A escala Scoville tornou-se referência e as empresas criaram uma tabela de conversão de ASTA para Scoville (SHU). Esse é o legado de Scoville!

O efeito bombástico da pimenta começa na língua!

Quando alguém morde a pimenta, ela se rompe e libera a capsaicina, seu composto químico ativo mais importante.
A substância estimula os receptores de calor e de dor presentes em toda a língua.
O cérebro interpreta esse ardor como se a língua tivesse sido queimada e faz com que os receptores opióides do sistema nervoso central produzam endorfina, responsável pela sensação de bem-estar.
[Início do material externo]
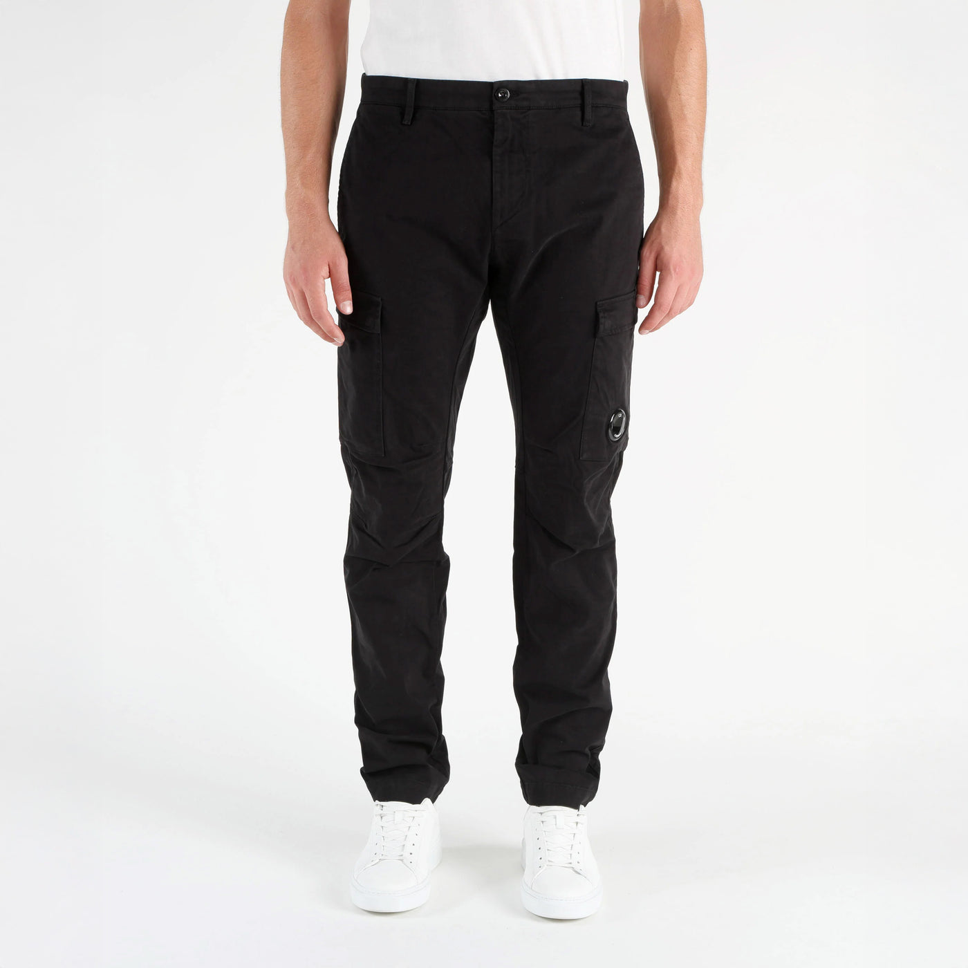 Cargo pants crafted in smooth, soft-textured stretch cotton. The pants feature C.P. Company’s iconic Lens, button and zip fastening, belt loops, side pockets, and a cargo flap snap pockets. Complete with back welt pockets with an applied label. Garment dyed. Ergonomic fit.

Esses receptores são os mesmos que respondem a algumas drogas.
A capsaicina também altera o equilíbrio térmico do corpo, provocando ondas de calor e suor.

A fonte de calor (Capsaicina) é encontrada em todas as pimentas, em maior ou menor grau de “ardência”. Ela nos dá a falsa impressão de “queimar” o que na verdade não ocorre.
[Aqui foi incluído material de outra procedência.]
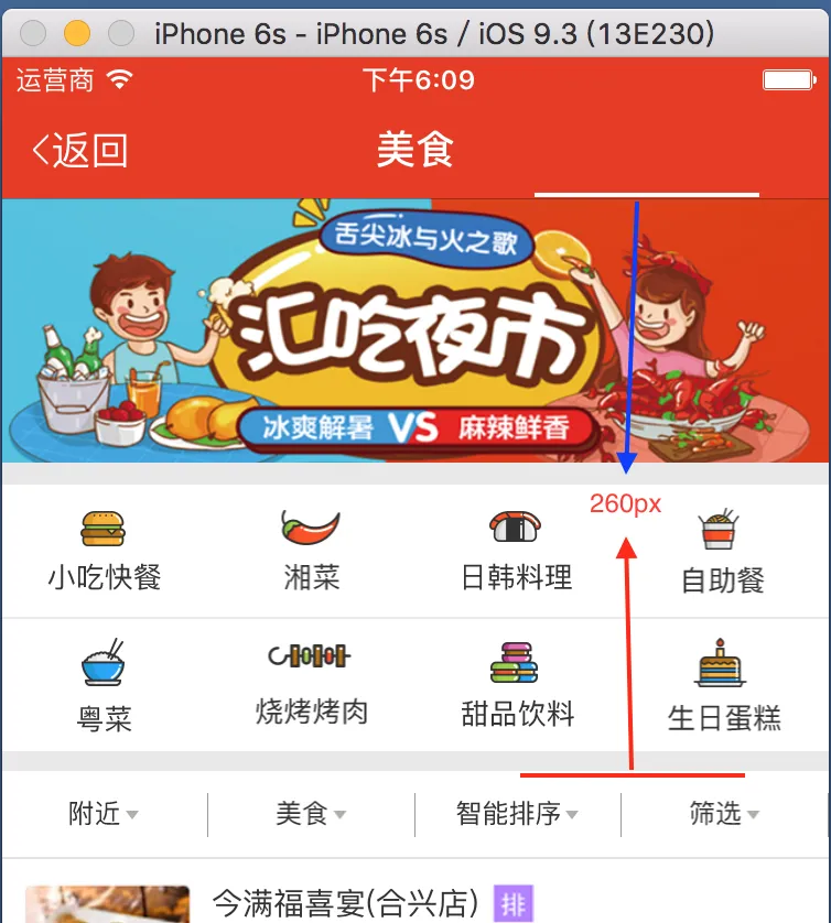 其次:计算组头到导航栏下边的距离。我将tableView分2组,第一组section表头高为260px,行高0.01,第二组section表头高为39px,则它距离导航栏顶部260px。

Trata-se de um truque químico que faz o cérebro reconhecer a sensação como uma forma de calor. Isto acontece porque a Capsaicina tem ligação de direta com a superfície de células nervosas específicas. Normalmente, estas proteínas, conhecidas como receptores TRPV1, permanecem inativas em mamíferos, exceto quando estimuladas por temperaturas superiores a 42°C.

Quando estimuladas, elas provocam uma sensação de calor e dor, um aviso para ficar longe de uma fonte de possíveis danos. Devido a ligeiras diferenças na estrutura da TRPV1 entre mamíferos e aves, a capsaicina é incapaz de se ligar a esta mesma proteína em aves, o que permite, por exemplo, que pássaros carreguem as sementes de pimenta sem qualquer problema.

Esta proteína ‘receptora de calor’ é encontrada por todo o sistema nervoso, incluindo, células nervosas em nossa pele e no sistema digestivo.
Isso significa que por dentro e por fora, as pimentas podem queimar.